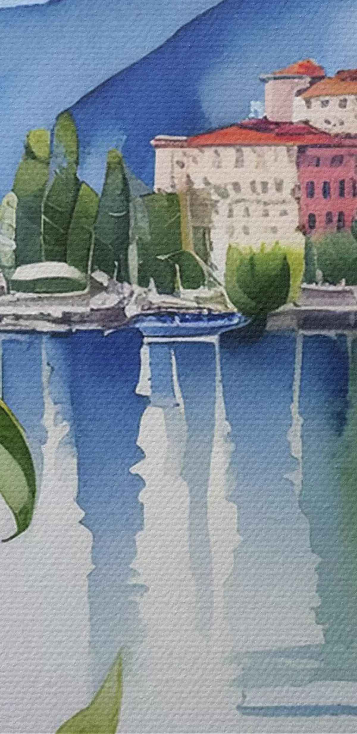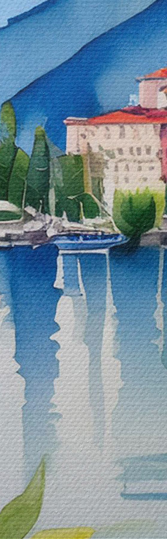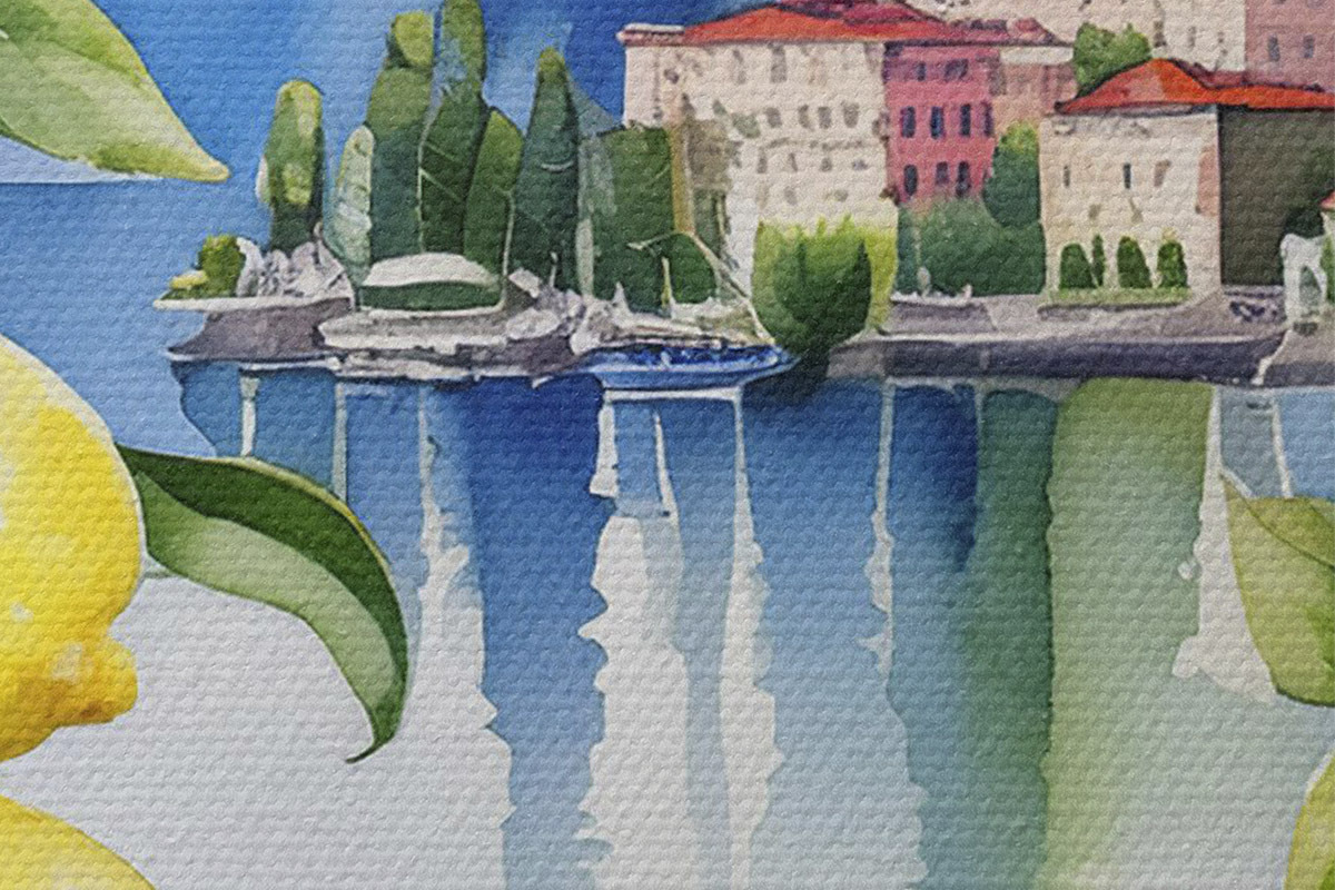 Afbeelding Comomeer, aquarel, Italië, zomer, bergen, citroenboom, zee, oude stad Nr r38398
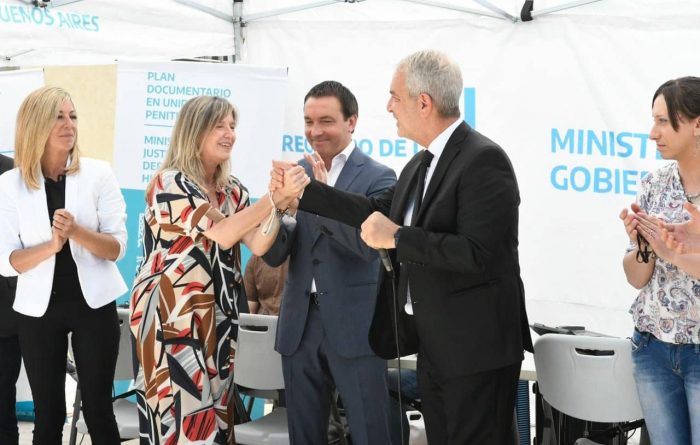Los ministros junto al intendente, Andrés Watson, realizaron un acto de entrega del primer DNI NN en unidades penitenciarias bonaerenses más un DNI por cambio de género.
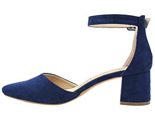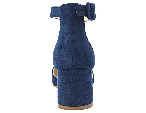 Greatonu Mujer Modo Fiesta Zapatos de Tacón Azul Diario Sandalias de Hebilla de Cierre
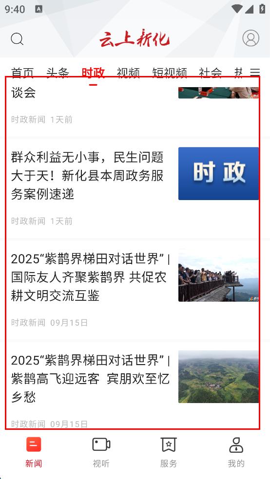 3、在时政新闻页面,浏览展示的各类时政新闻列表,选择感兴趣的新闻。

▬▬▬▬▬▬▬▬▬▬

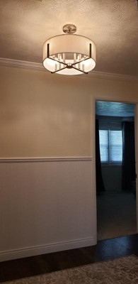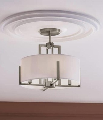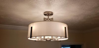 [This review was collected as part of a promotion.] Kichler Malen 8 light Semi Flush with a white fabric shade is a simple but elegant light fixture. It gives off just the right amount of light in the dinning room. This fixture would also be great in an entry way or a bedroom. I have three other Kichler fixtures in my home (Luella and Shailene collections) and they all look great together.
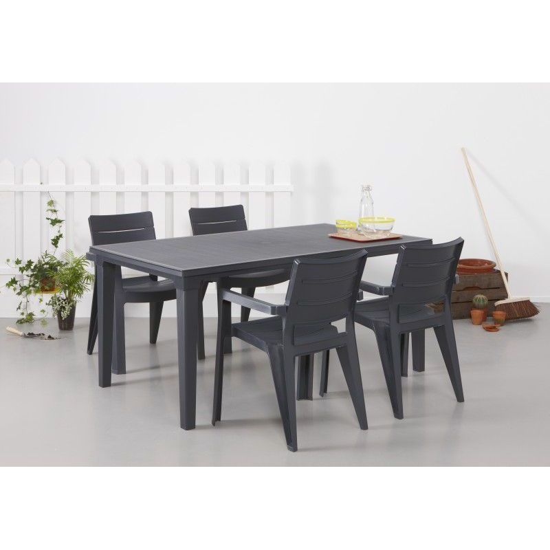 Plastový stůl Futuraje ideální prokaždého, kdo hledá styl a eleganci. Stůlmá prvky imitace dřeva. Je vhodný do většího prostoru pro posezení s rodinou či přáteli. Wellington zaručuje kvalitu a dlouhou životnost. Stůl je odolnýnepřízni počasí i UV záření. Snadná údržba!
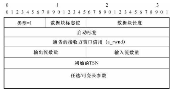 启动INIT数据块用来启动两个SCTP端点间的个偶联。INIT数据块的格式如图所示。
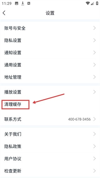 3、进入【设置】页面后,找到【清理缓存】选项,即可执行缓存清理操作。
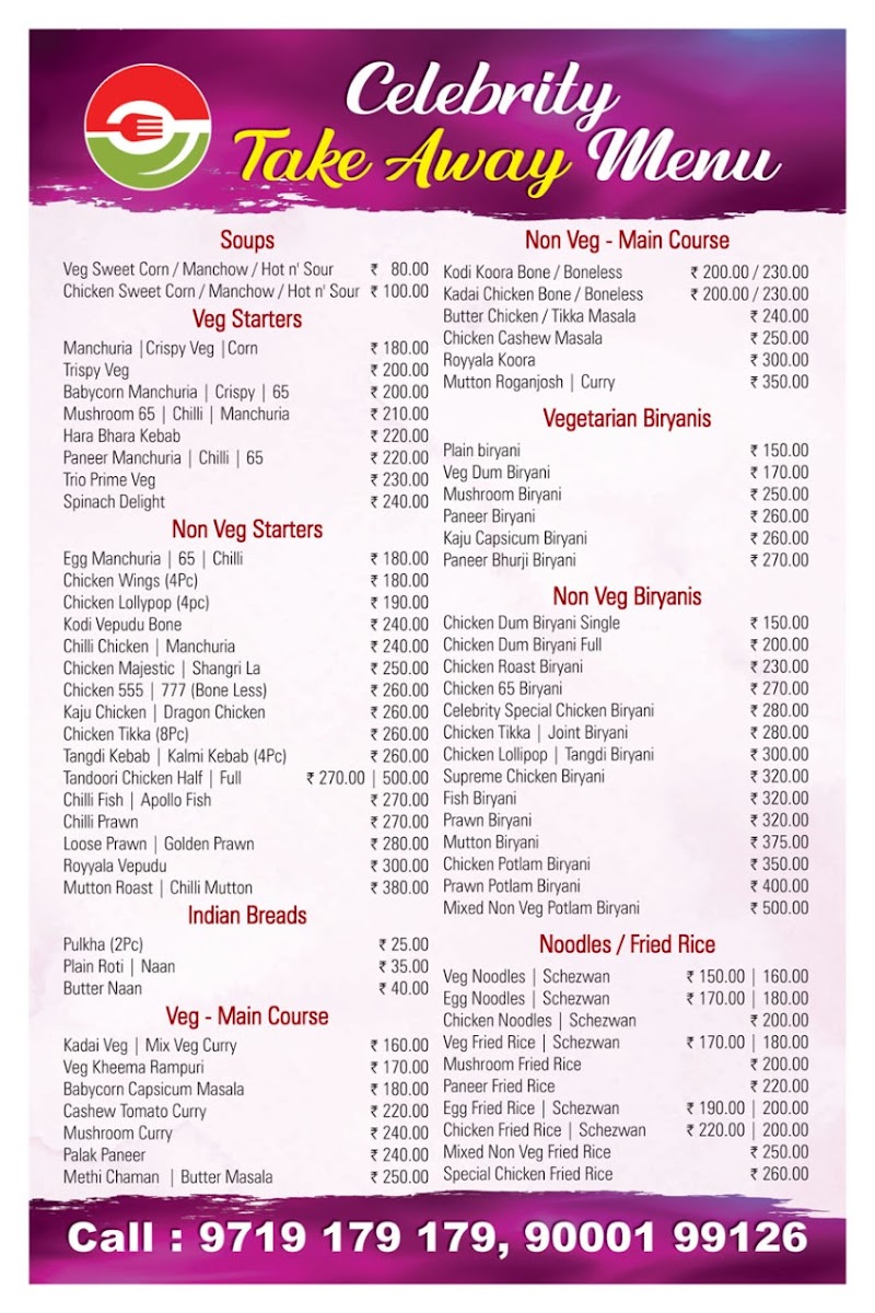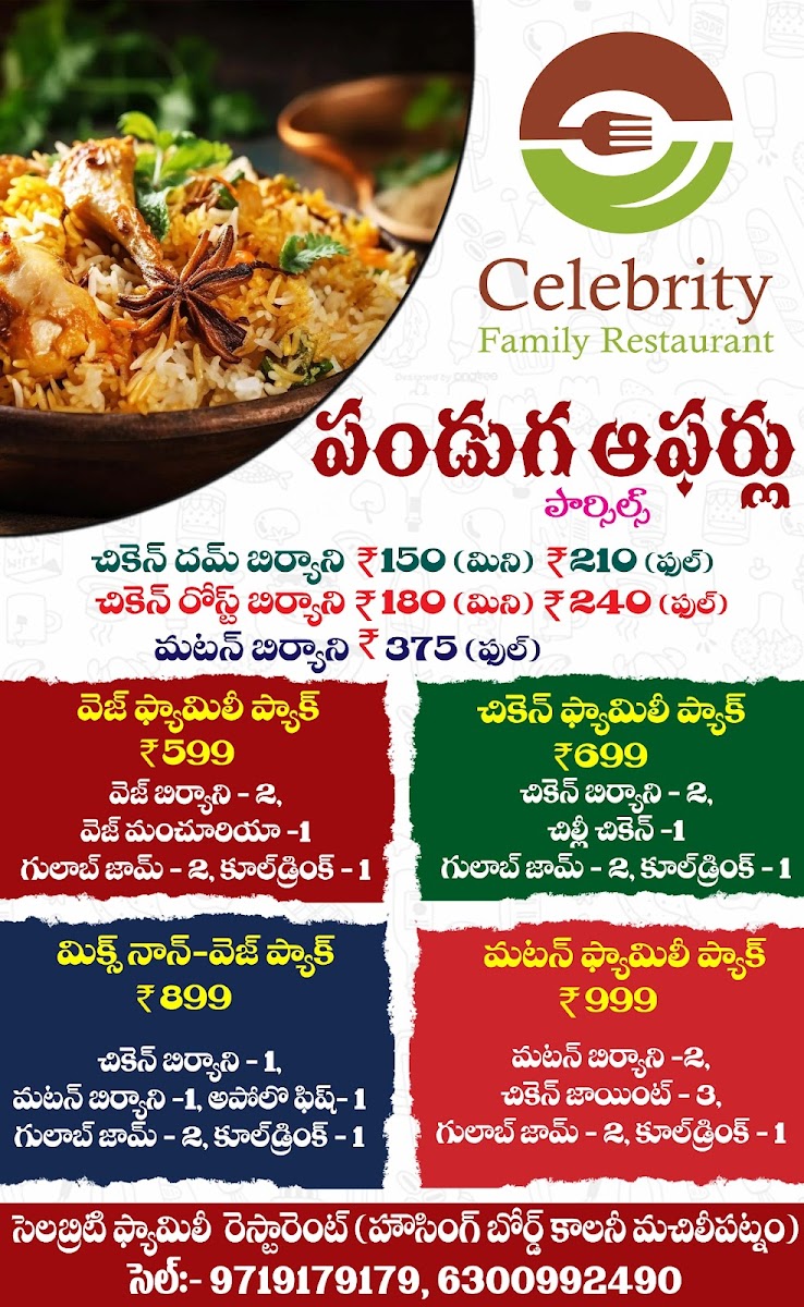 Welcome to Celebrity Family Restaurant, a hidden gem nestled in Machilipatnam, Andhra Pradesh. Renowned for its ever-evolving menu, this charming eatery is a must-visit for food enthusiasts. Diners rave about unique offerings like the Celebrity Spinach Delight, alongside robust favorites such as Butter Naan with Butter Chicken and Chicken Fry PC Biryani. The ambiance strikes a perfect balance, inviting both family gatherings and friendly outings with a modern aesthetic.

▬▬▬▬▬▬▬▬▬▬

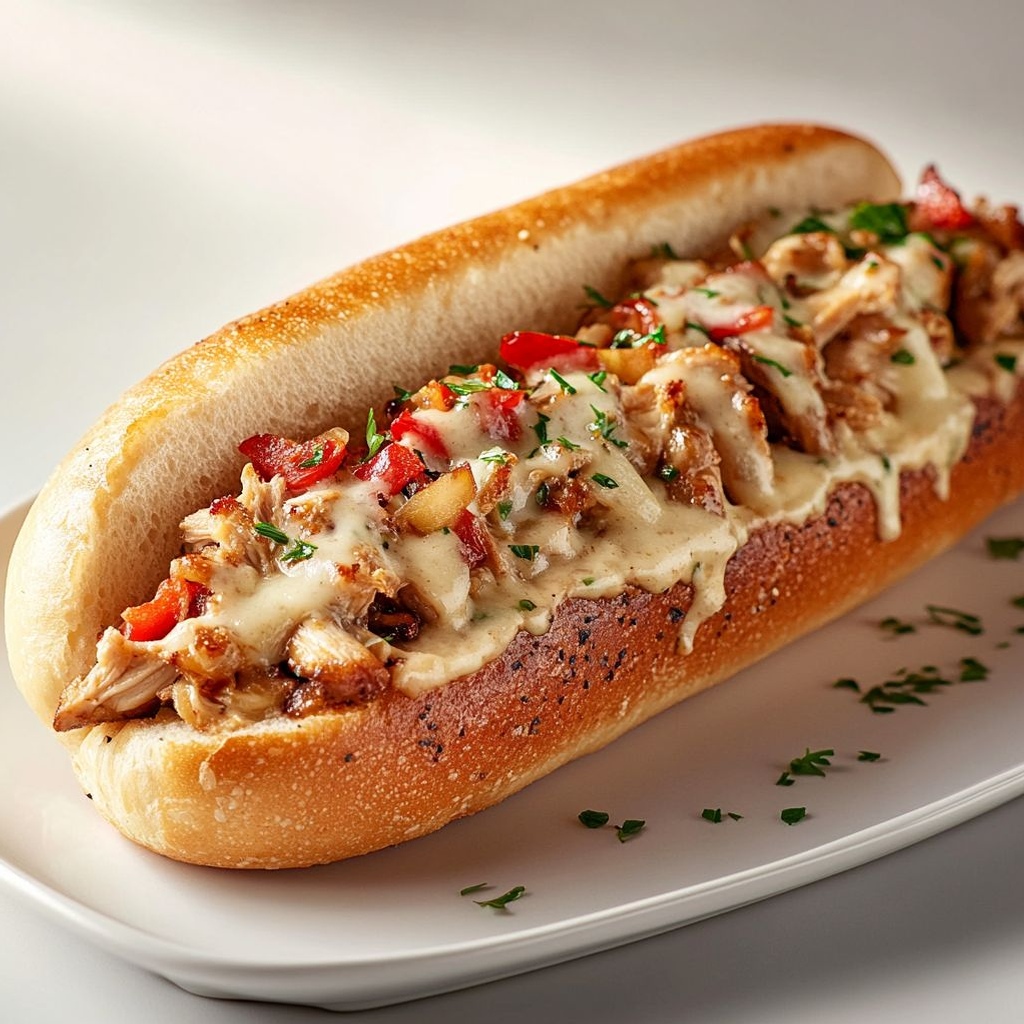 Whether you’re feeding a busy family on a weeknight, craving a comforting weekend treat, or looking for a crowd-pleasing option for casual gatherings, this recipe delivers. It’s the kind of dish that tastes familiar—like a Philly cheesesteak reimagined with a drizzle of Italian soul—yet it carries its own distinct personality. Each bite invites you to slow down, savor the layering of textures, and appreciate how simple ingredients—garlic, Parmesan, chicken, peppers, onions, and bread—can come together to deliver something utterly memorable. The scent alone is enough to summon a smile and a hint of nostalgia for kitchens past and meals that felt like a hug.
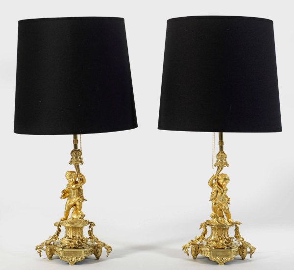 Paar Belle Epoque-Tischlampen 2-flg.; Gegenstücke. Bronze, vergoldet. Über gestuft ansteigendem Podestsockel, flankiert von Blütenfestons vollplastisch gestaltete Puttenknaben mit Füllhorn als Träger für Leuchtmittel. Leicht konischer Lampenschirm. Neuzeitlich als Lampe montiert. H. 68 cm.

▬▬▬▬▬▬▬▬▬▬

*What you need to do*. Take the lines above starting at the one containing "Los ministros junto" and ending at the one containing "3、在时政新闻页面,浏览展示的各类时政新闻列表,选择感兴趣的新闻。", and print them again exactly, without pictures.

*Answer for this exercise*.
Los ministros junto al intendente, Andrés Watson, realizaron un acto de entrega del primer DNI NN en unidades penitenciarias bonaerenses más un DNI por cambio de género.
 Greatonu Mujer Modo Fiesta Zapatos de Tacón Azul Diario Sandalias de Hebilla de Cierre
 3、在时政新闻页面,浏览展示的各类时政新闻列表,选择感兴趣的新闻。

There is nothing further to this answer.